Task brief »
Although the listing contains pictures, reproduce only its text, exactly as written.

Data extract »
--- START ---

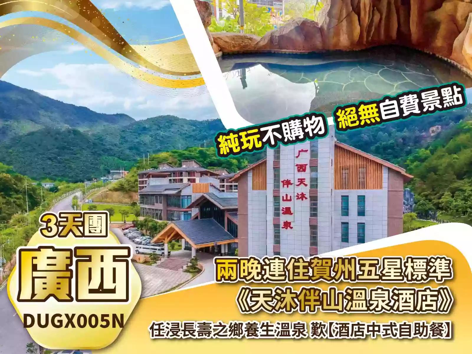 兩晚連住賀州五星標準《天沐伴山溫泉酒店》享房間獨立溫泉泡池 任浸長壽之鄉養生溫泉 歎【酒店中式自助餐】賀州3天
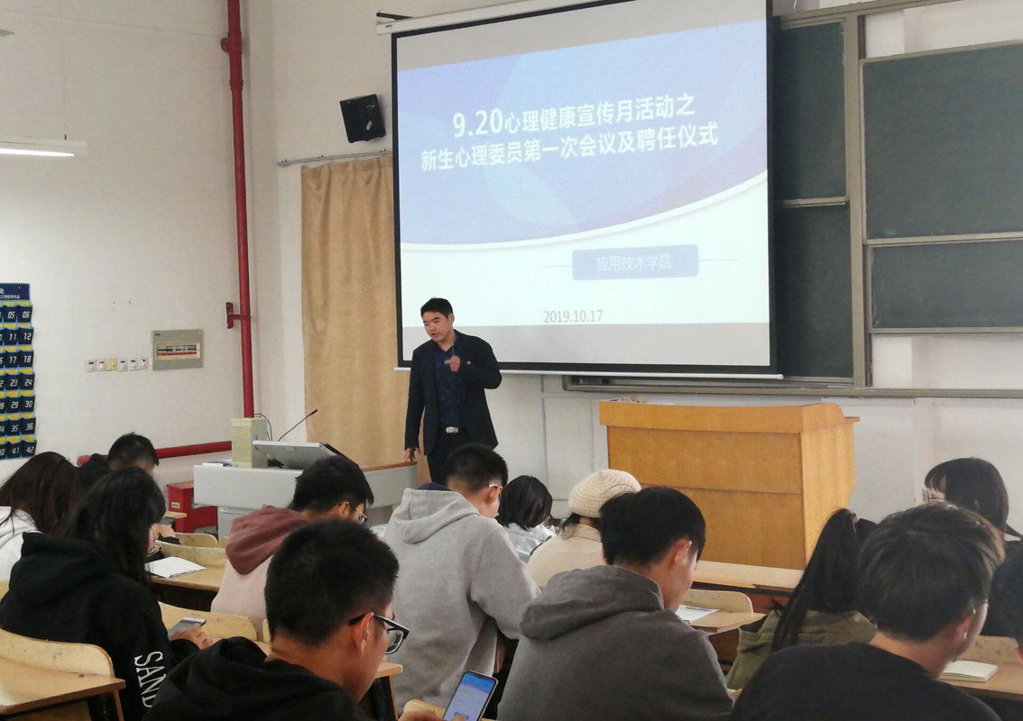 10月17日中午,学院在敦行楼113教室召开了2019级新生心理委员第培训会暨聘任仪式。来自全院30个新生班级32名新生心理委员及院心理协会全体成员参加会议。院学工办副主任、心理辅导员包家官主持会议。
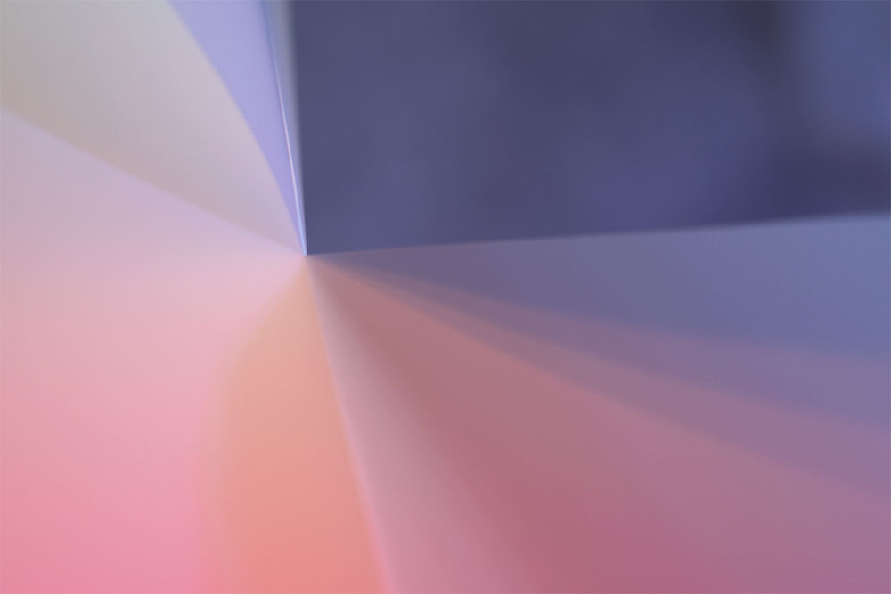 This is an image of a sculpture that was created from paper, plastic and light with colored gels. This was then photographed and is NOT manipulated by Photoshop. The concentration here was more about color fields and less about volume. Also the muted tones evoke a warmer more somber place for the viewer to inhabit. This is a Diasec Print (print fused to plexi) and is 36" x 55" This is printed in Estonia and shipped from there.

--- END ---

Exercise solution »
 兩晚連住賀州五星標準《天沐伴山溫泉酒店》享房間獨立溫泉泡池 任浸長壽之鄉養生溫泉 歎【酒店中式自助餐】賀州3天
 10月17日中午,学院在敦行楼113教室召开了2019级新生心理委员第培训会暨聘任仪式。来自全院30个新生班级32名新生心理委员及院心理协会全体成员参加会议。院学工办副主任、心理辅导员包家官主持会议。
 This is an image of a sculpture that was created from paper, plastic and light with colored gels. This was then photographed and is NOT manipulated by Photoshop. The concentration here was more about color fields and less about volume. Also the muted tones evoke a warmer more somber place for the viewer to inhabit. This is a Diasec Print (print fused to plexi) and is 36" x 55" This is printed in Estonia and shipped from there.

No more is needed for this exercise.